Mr. Obama's faith in government is so expansive that he thinks it can build a "new energy economy," so perhaps it's not surprising that he also thinks government could have averted the Gulf spill:

To wit, that a far-flung bureaucracy like MMS would have prevented a platform 40 miles offshore—using the planet's most advanced engineering technology to execute the undersea equivalent of landing on the moon—from suffering a massive explosion that killed 11 people and caused the rig to sink 4,993 feet to the ocean floor. Presumably, too, this oversight would have ensured that the cement around the wellhead's casing pipe sealed properly, and that the blowout preventer didn't malfunction, among other miracles.

Mr. Obama added yesterday, with his customary modesty, that "we're also moving quickly on steps to ensure that a catastrophe like this never happens again." This mainly seems to mean delaying or banning any offshore drilling leases in America.

The White House extended its moratorium on deep water drilling permits for another six months, suspended upcoming lease sales in the Gulf, suspended indefinitely 33 deep water exploratory wells, and delayed a drilling program in Alaska's Chukchi and Beaufort seas that was scheduled for next month. The green lobby has been obsessed with the last item for years; a crisis is a terrible thing to waste.

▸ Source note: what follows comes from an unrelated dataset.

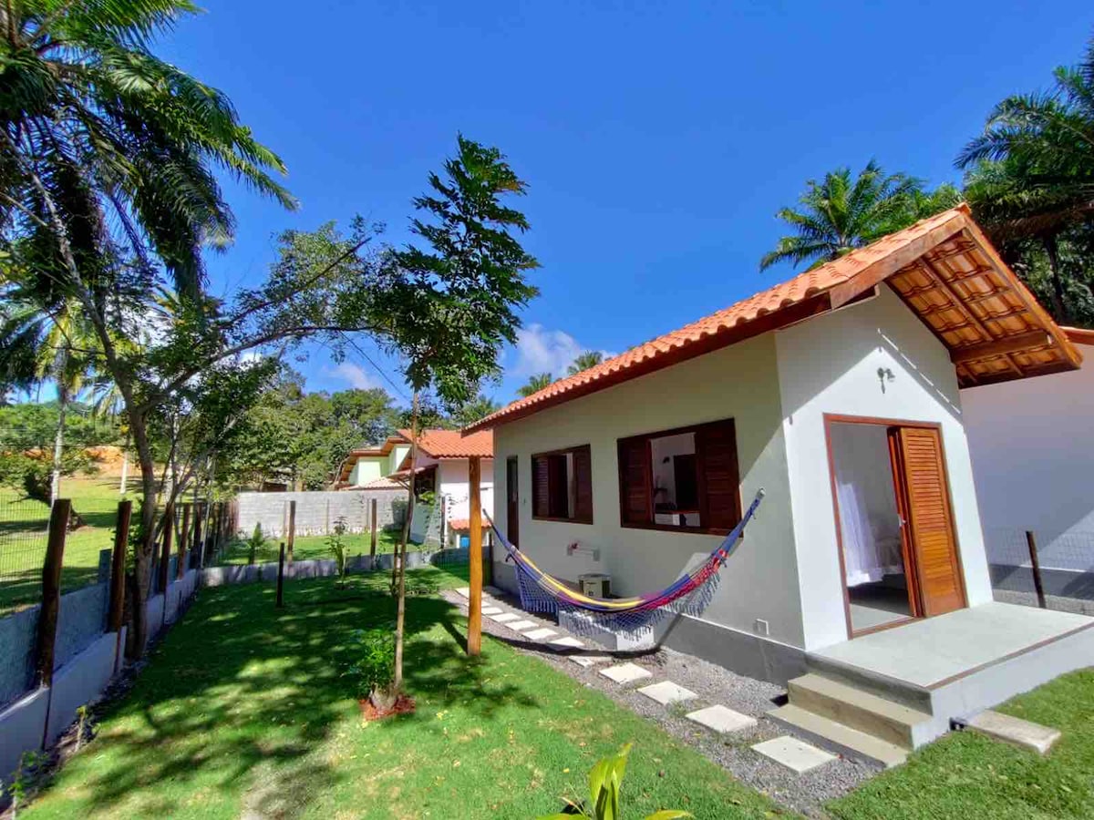 Casinha com mezanino, aconchegante e completa. Um espaço pensado para o seu descanso, conforto e bem-estar. A casa tem 1 quarto com cama de casal e ar-condicionado, mezanino com cama de casal e ar-condicionado, banheiro com chuveiro elétrico e cozinha completa com balcão americano. A varanda é um convite para relaxar: rede, churrasqueira, chuveirão e mesa com ombrelone para aproveitar bons momentos ao ar livre. Aqui, você se sente em casa desde a chegada. Relaxe, desacelere e VIVA Boipeba!

Drilling on the Outer Continental Shelf accounts for about 27% of U.S. domestic oil production, and overreacting politically to a genuine disaster isn't in anyone's interests. Senator Mary Landrieu (D., La.) noted in a recent letter to Mr. Salazar that the moratorium even on the 57 Gulf platforms drilling in shallow water, which is much safer and with fewer risks, will result in more than 5,000 lost jobs if work doesn't resume within six weeks.

More broadly, whatever Mr. Obama's ambitions for windmills and plug-in cars, the world is dependent on oil. Most of the demand growth is coming from China, India and the developing world, and if America doesn't produce its own energy it will merely import it from somewhere else.

Messrs. Obama and Salazar claim to believe that one more bureaucratic reshuffle can prevent oil spills. They would be more honest, and reduce cynicism about government, if they acknowledged that no human endeavor is without risk, and that government can't prevent every accident.